# Second Gen Xcaliber



## DuckNut (Apr 3, 2009)

Since BoatBrains deleted his previous account his Xcaliber thread is missing.

I was over at his place over the weekend and snapped a spy shot of the next generation.


----------



## Zika (Aug 6, 2015)

Is he doing sea trials between Havana and the Keys?


----------



## DuckNut (Apr 3, 2009)

Notice the jet propulsion and the counter weight....GENIUS!


----------



## devrep (Feb 22, 2009)

looks tippy.


----------



## William Odling (Jan 8, 2020)

If Hialeah was a boat


----------



## JC Designs (Apr 5, 2020)

devrep said:


> looks tippy.


Damn you!
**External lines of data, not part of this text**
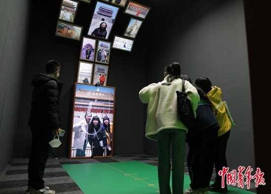 3月27日,北京首都博物馆“辉煌中轴”展览现场,“我与中轴线的故事”互动空间,记者们拍照,留下与中轴线上标志性建筑的合影。当日,“辉煌中轴”展览在这里对媒体开放预展。据悉,该展览是为纪念北京建都870周年而举行的,展览共分壮美中轴、文化中轴、永恒中轴3个部分,对中轴线的壮美秩序、思想源流、历史发展、公众化进程和保护工作进行了系统的精彩阐释。展览将于3月28日正式对公众展出。中青报·中青网记者 陈剑/摄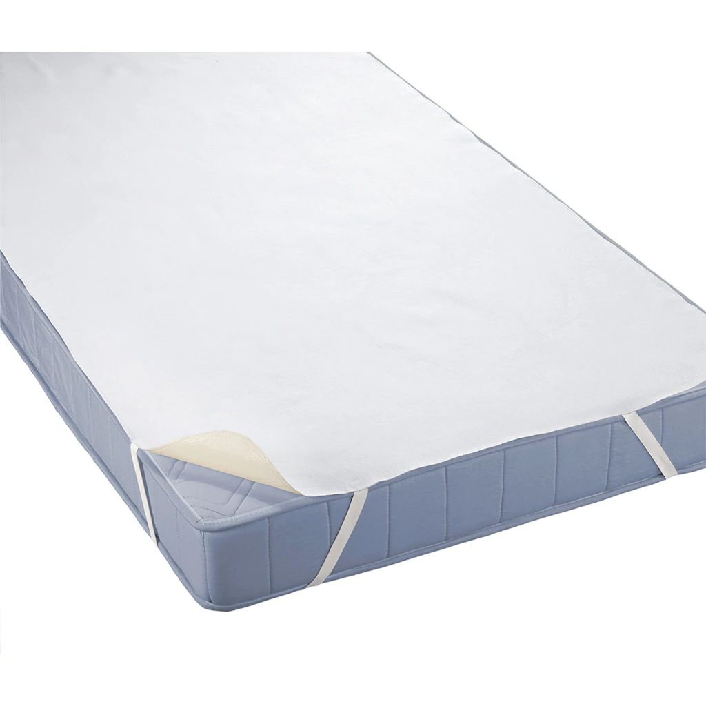 - Wasserundurchlässiger Matratzenschutz – Oberseite: 100% Baumwolle, gebleicht, einseitig gerauht, Unterseite: PE/PP Folie laminiert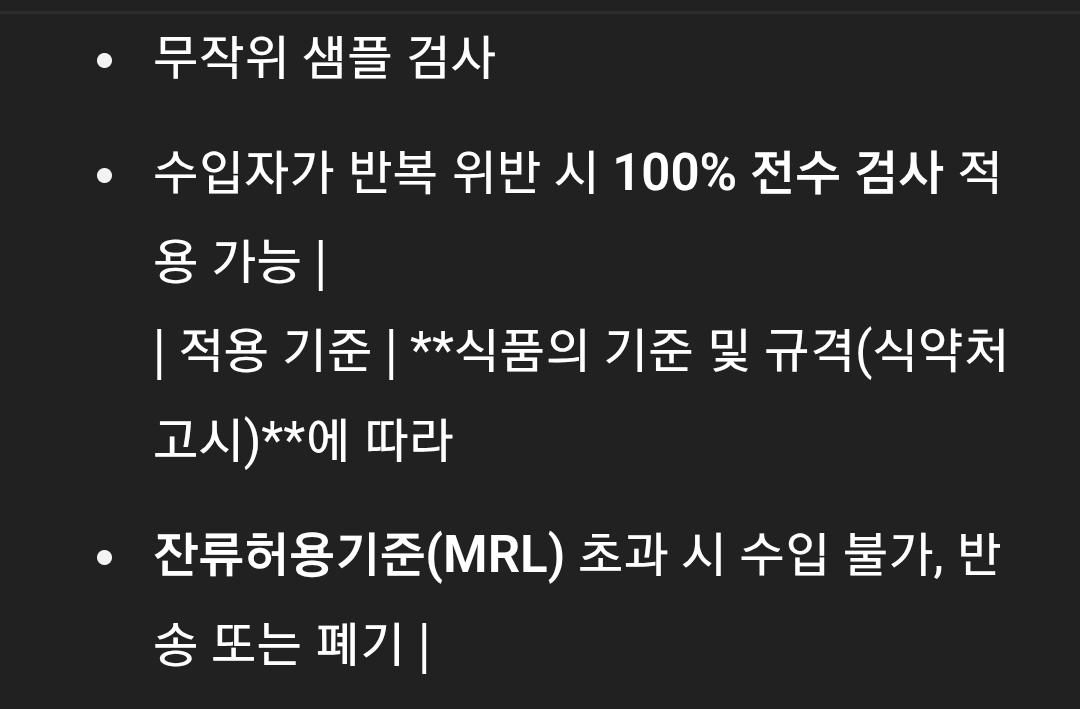 방부제나 농약 기준치 초과검사는 수시로 진행되고 있다.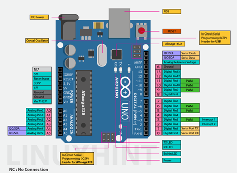 * Pino: Conexões de entrada ou saída do microcontrolador.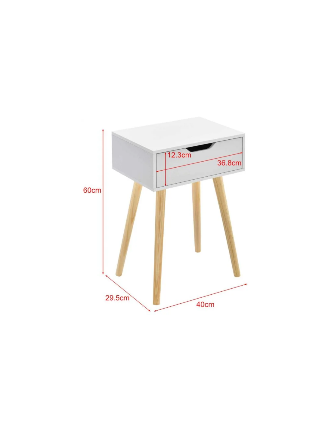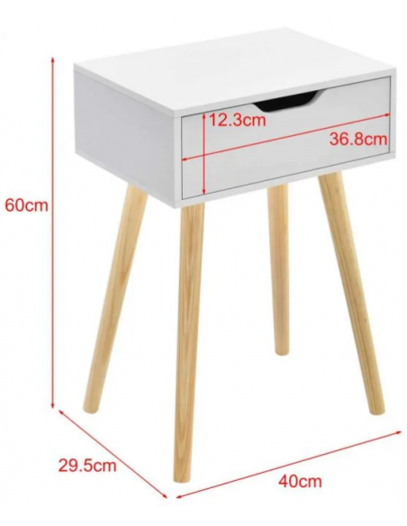 Sengebord udført i et design af træ og møbelplade. Sengebordet måler 60 cm i højden og 40 x 29,5 cm i bredde og dybde.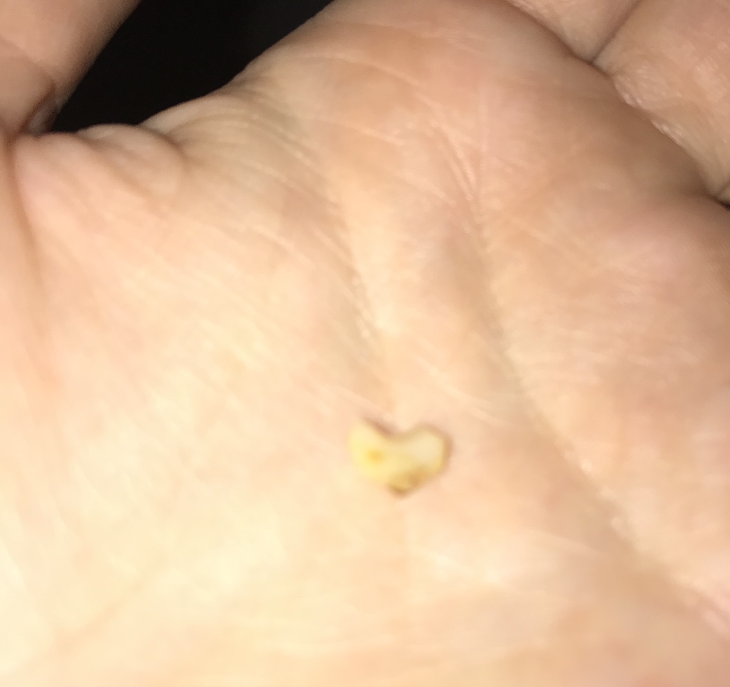 Ik ben inmiddels op dit moment 3 bijna 4 weken verder sinds de extractie. Ik spoel sindsdien met Lysterine Zero. De geur is minder heftig dan voorheen, nogsteeds aanwezig. Ik wil nogsteeds niet met mijn linker kies kauwen. Ik voel steeds iets tussen mijn twee achterste kiezen zitten. Met het stokeren tik ik het aan maar het komt maar niet los. Vanavond om 21:15 besluit ik dat ik het zat ben en wil weten of iets tussen mijn tanden vast zit, zaklamp op de plank en met de spiegel gewapend begin ik van beide kanten te flossen, ineens springt een halve hoek van mijn linker zeurende kies uit mijn gebit. Ik ruik aan dit stuikje tand en ruik duidelijk de bekende nare geur. Nu zie ik ook nog een zwarte stip op de afgebroken hoek en vermoed dat het (in mijn ogen) is verrot.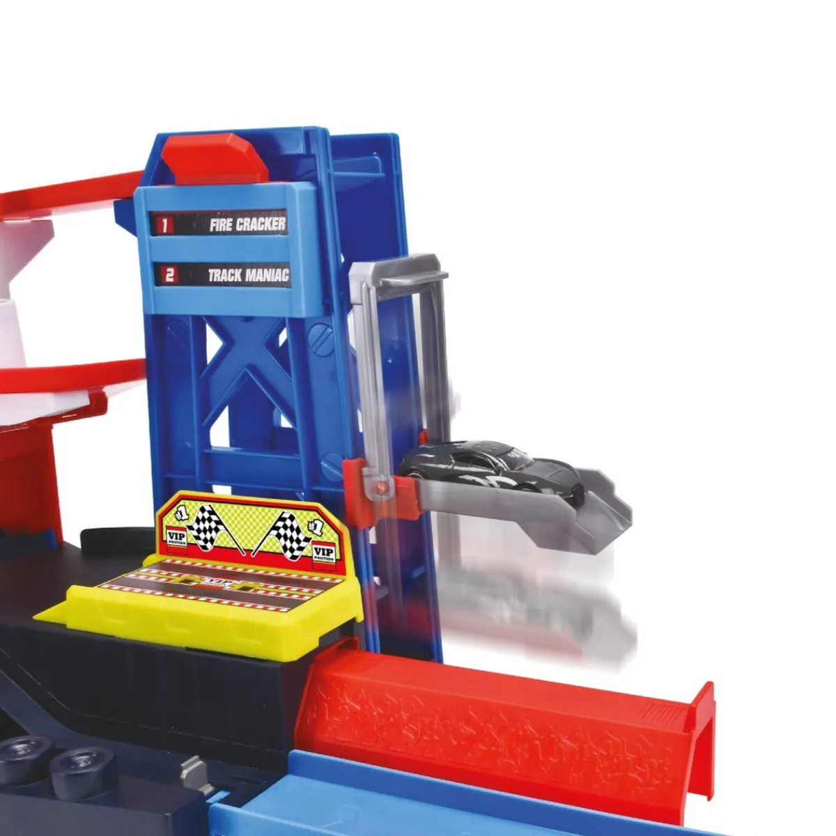 Tendrás el control de tu equipo de Fórmula 1 con este garaje de coches de carreras de Motor & Co. ¡Corre con tu coche por la pista de acceso para detenerlo en la parada para repostar!

Beat me to it!😂😂😂


----------



## JC Designs (Apr 5, 2020)

He told me not to, but he and I never do see eye to eye!😂 The other two models aren’t really micro skiffs though so we decided to hold of on sharing.🤘🏻


----------



## JC Designs (Apr 5, 2020)

Ya’ll just have to ignore @DuckNut 










😂🤙🏻


----------



## JC Designs (Apr 5, 2020)

But... he’s our asshole!🤘🏻


----------



## EdK13 (Oct 3, 2013)

JC Designs said:


> But... he’s our asshole!🤘🏻


Excuse Me?


----------



## JC Designs (Apr 5, 2020)

EdK13 said:


> Excuse Me?


Sorry Ed, didn’t mean all of us!😂


----------



## Fishshoot (Oct 26, 2017)

I tried to order one, but no matter how badass it is I can’t wait 4 yrs for the Excalibur 2.0. I understand all the revolutionary technology from that spy photo is worth it though.


----------



## permitchaser (Aug 26, 2013)

@DuckNut will that fit in my garage


----------



## Tautog166 (Jul 7, 2018)

Steel is real!


----------



## eightwt (May 11, 2017)

All well and good, but it's still not a Chittum.


----------



## mro (Jan 24, 2018)

eightwt said:


> All well and good, but it's still not a Chittum.


thank God,...
My boats identify as tin boats.


----------



## Capnredfish (Feb 1, 2012)

Boatbrains version of a Fliver skiff.


----------



## DuckNut (Apr 3, 2009)

permitchaser said:


> @DuckNut *that will fit in my trunk*


Fixed it for you


----------



## DuckNut (Apr 3, 2009)

IN the last thread I said the 2.0 would probably be painted electric blue...I just didn't realize he was going to paint the skirt.


----------



## DuckNut (Apr 3, 2009)

eightwt said:


> All well and good, but it's still not a Chittum.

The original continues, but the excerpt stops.